"""

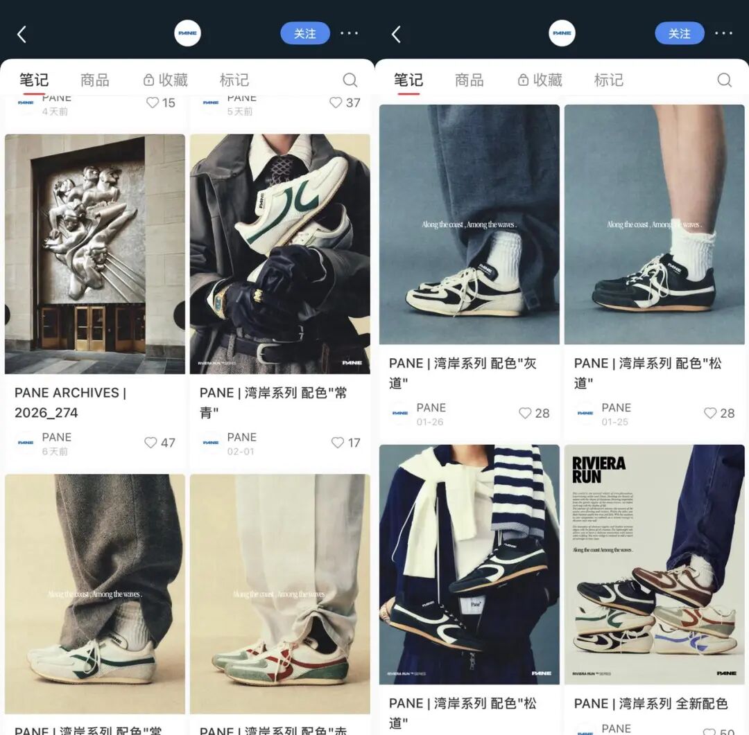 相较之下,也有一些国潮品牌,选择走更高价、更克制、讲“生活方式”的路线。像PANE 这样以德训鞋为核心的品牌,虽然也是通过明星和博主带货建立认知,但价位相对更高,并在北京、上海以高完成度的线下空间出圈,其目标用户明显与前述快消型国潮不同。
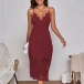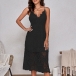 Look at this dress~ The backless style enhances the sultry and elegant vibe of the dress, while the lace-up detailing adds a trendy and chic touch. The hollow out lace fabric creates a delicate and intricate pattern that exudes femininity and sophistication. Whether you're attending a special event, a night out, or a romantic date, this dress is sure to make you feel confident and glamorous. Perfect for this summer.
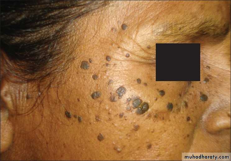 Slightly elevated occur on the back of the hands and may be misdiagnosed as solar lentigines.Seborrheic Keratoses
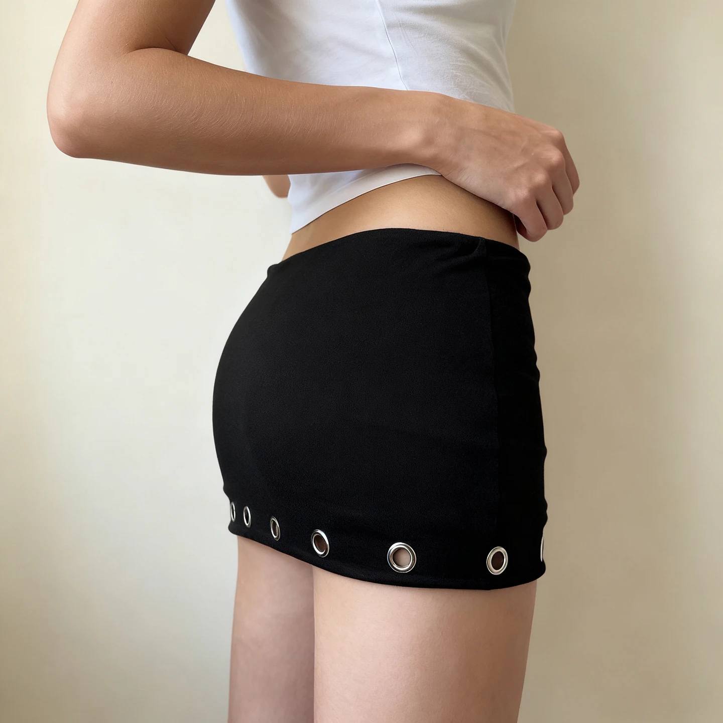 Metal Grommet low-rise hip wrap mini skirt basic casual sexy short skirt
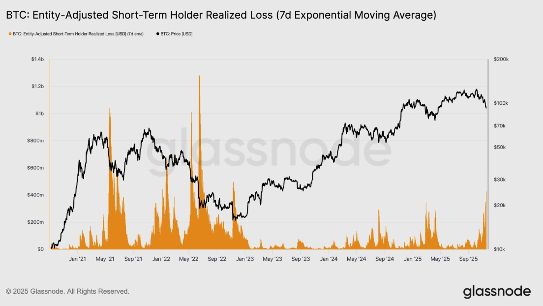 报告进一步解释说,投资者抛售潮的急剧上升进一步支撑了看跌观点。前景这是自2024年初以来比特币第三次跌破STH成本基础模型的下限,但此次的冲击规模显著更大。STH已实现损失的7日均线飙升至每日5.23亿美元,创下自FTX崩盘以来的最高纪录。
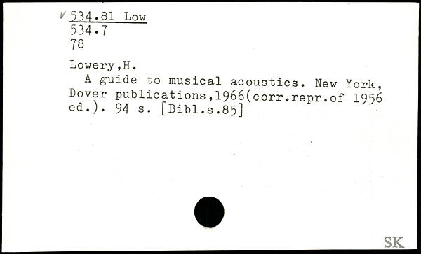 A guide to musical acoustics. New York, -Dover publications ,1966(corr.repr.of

"""

Task brief:
Would you transcribe the listing above line by line, exactly, leaving every picture out?

Task response:
 相较之下,也有一些国潮品牌,选择走更高价、更克制、讲“生活方式”的路线。像PANE 这样以德训鞋为核心的品牌,虽然也是通过明星和博主带货建立认知,但价位相对更高,并在北京、上海以高完成度的线下空间出圈,其目标用户明显与前述快消型国潮不同。
 Look at this dress~ The backless style enhances the sultry and elegant vibe of the dress, while the lace-up detailing adds a trendy and chic touch. The hollow out lace fabric creates a delicate and intricate pattern that exudes femininity and sophistication. Whether you're attending a special event, a night out, or a romantic date, this dress is sure to make you feel confident and glamorous. Perfect for this summer.
 Slightly elevated occur on the back of the hands and may be misdiagnosed as solar lentigines.Seborrheic Keratoses
 Metal Grommet low-rise hip wrap mini skirt basic casual sexy short skirt
 报告进一步解释说,投资者抛售潮的急剧上升进一步支撑了看跌观点。前景这是自2024年初以来比特币第三次跌破STH成本基础模型的下限,但此次的冲击规模显著更大。STH已实现损失的7日均线飙升至每日5.23亿美元,创下自FTX崩盘以来的最高纪录。
 A guide to musical acoustics. New York, -Dover publications ,1966(corr.repr.of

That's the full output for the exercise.